Cell phones, wills, and suicides! Oh my!
|So, two crazy things happened today. One was from Australia, where the Brisbane Supreme Court ruled that an unsent text can be a substitute for a will. The second was from Yahoo news when they used a Windows Phone in their news article on 10/11/2017! I just joined the financial world not long ago and the passing of estates is a convoluted and varying process, not only from country to country, but even between our united states. This is very interesting and a little disturbing precedent, although obviously not for our own legal system just yet. Let me illustrate why all of this is very strange and slightly discomforting.

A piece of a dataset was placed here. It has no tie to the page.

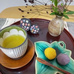 花街urawaさんの お誘いで秋の茶会に初参加させて頂きます😊 抹茶茶碗が桜柄しか無かったので 湯呑みにしました🍵 さつま芋のお団子の彩りも秋らしい✨ 蓮の実の飾り物 思い出して 飾って見ました😊 今日は 曇ってますが 秋らしい気温で 熱いお茶が美味しいです🎵
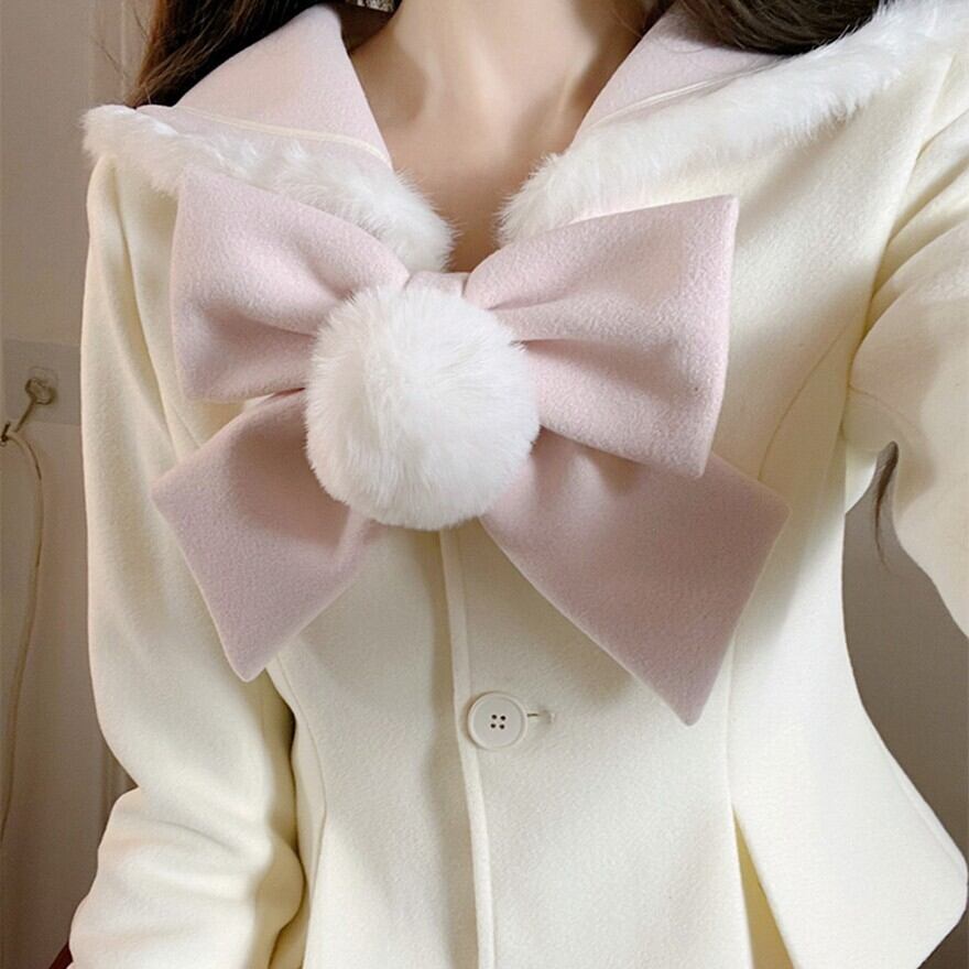 取り外し可能なリボンアイテムが付いたウールのトップスと短いスカートをセットにしました。

I’m in North Carolina. Where we hate bathrooms and are mixed about our confederate statues. We also have intestate laws, which govern how estates are settled when someone dies. Typically, if you have a will, it follows whatever provisions you have laid out after creditors are satisfied. There are a few exceptions to standard, traditional, made-by-a-lawyer, wills. If a person is on their deathbed and still of sound mind, they can simply attest, or speak, their will in front of witnesses who must later testify that the deceased was actually trying to convey their last will and testament. The other provision is if a letter, handwritten in the deceased hand, is found among the deceased personal effects like a safe deposit box. The important thing about both of these provisions is that they either require testimony by at least two people or must be handwritten in their own hand. Now this is all a very common sense approach to dying and passing on property. This common-sense element is where Australia lost me.

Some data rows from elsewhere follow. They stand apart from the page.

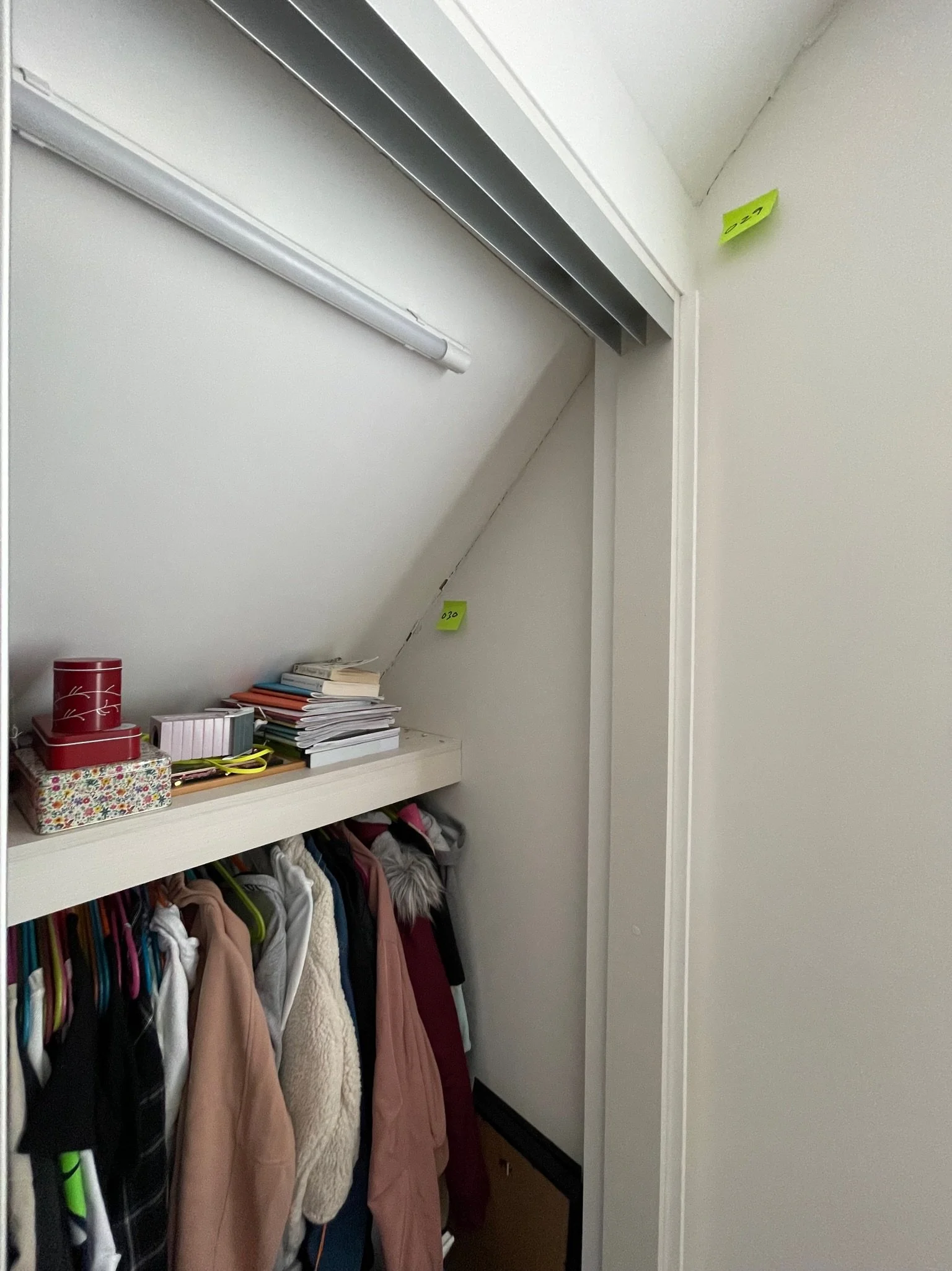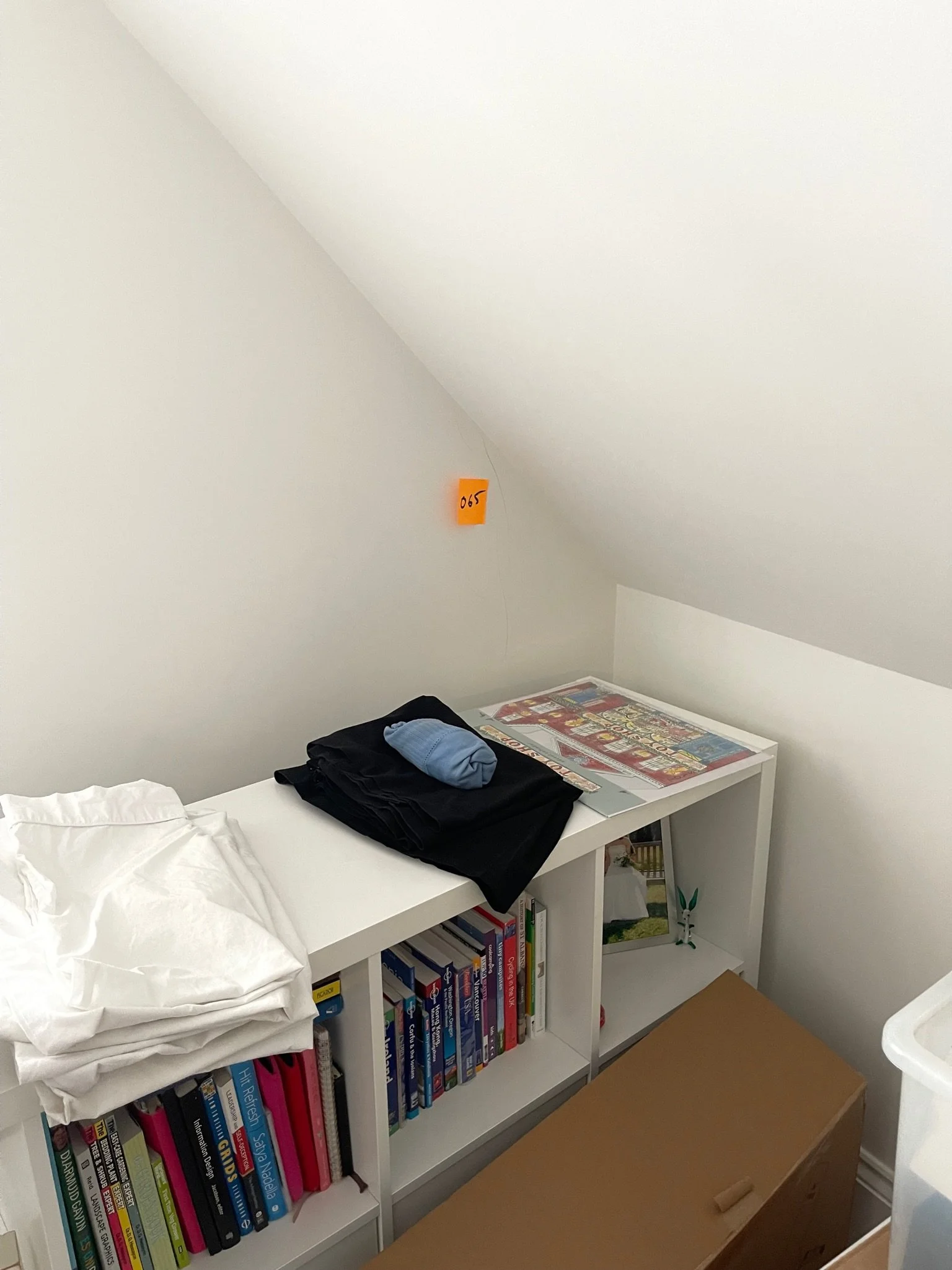 White bookshelf with books, folded clothes, and a jigsaw puzzle; a piece of cardboard, and a plastic storage bin nearby; angled ceiling with a sticky note saying "065."
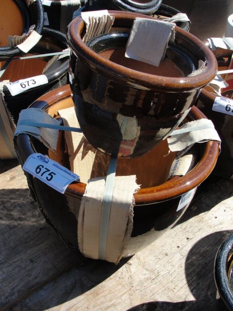 MEDIUM 2TONE BEIGE AND GREY 4PC CERAMIC PLANTER SET
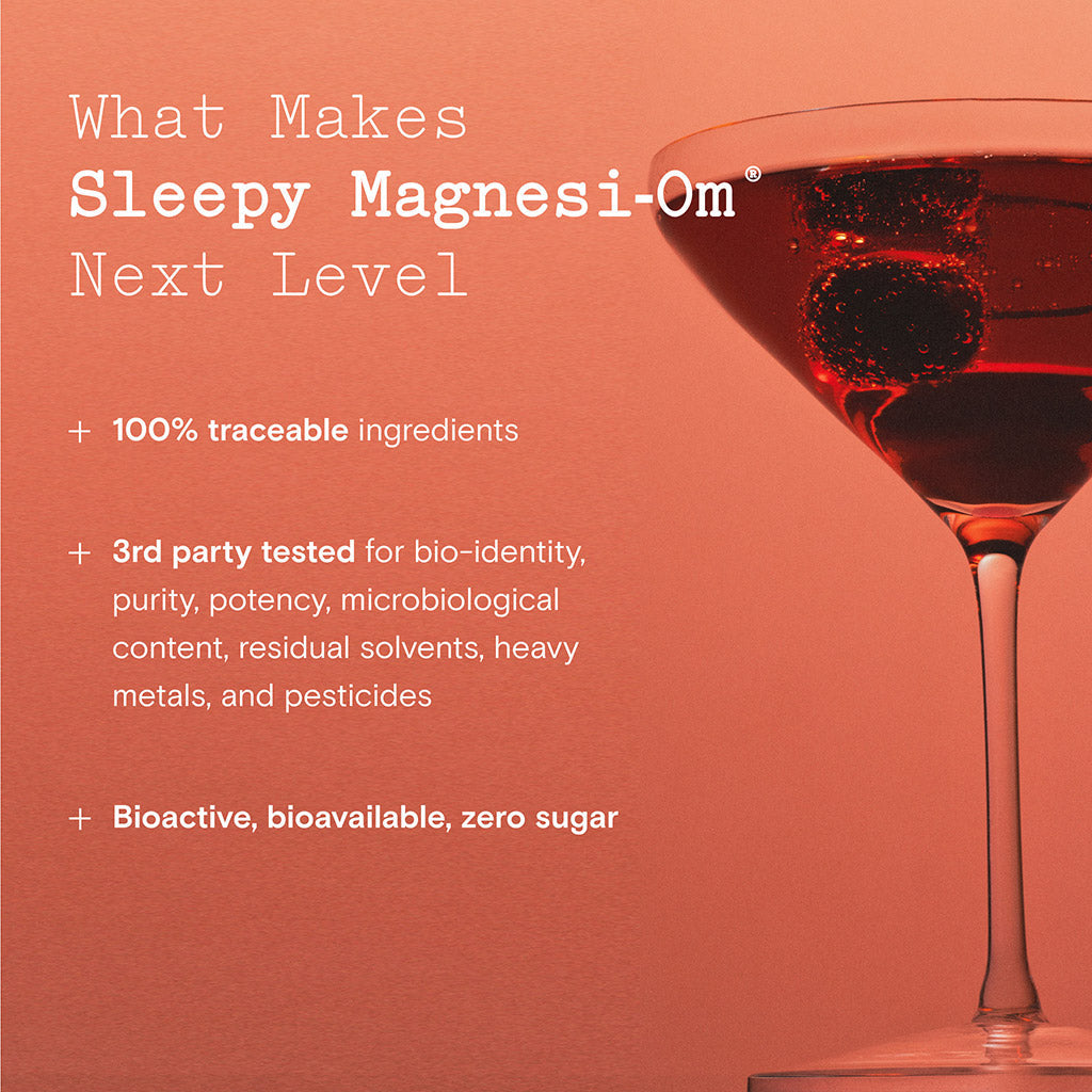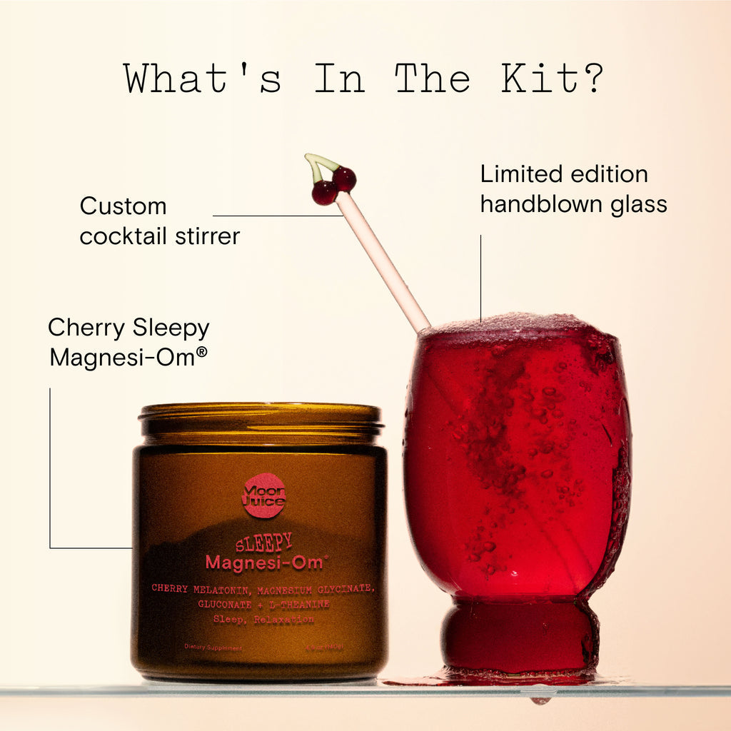 Kit: Choosing cherry? Make it an ultra-chic nightly ritual. The limited edition Cherry Sleepy Magnesi-Om Mocktail Kit includes Cherry Sleepy Magnesi-Om, a custom handblown glass from Hudson Wilder, and a glass cocktail stirrer with a cherry on top.

The story goes that Australian man and wife separated, wife goes back to ex-husband leaving current husband incredibly distraught. Husband commits suicide and has no will. Inside the husband’s phone investigators found an unsent text message ‘detailing’ the dissemination of his property. The court ruled this permissible and denied the wife any money or proceeds from the real estate. This is scary because we have absolutely no way of knowing if he actually typed out that text message. Anyone could have typed it. The court argued that because of specific knowledge located within the text message that it could only have been written by the deceased. That is an enormous crevasse to traverse regarding the legal precedent of people dying, especially in an era where people commit suicide or die just before divulging incriminating evidence against politicians seemingly like clockwork. Also, I would never, EVER, commit suicide. Just getting that out there. This is, however, not the strangest news I’ve seen today.
A Windows Phone in a news article about cell phones in 2017? That’s insanity. Yahoo must have missed my article a few days ago. This is the kind of uphill battle Microsoft had to play. Too bad the news media just got on board considering Windows Phones as something newsworthy following the wake a few of us held for it on Monday.
What do you folks think? Should we start accepting digital and unverifiable documents to act as official wills? Should something like this allow the passing of at least non-real estate property like personal effects? Let us know and remember, I didn’t commit suicide.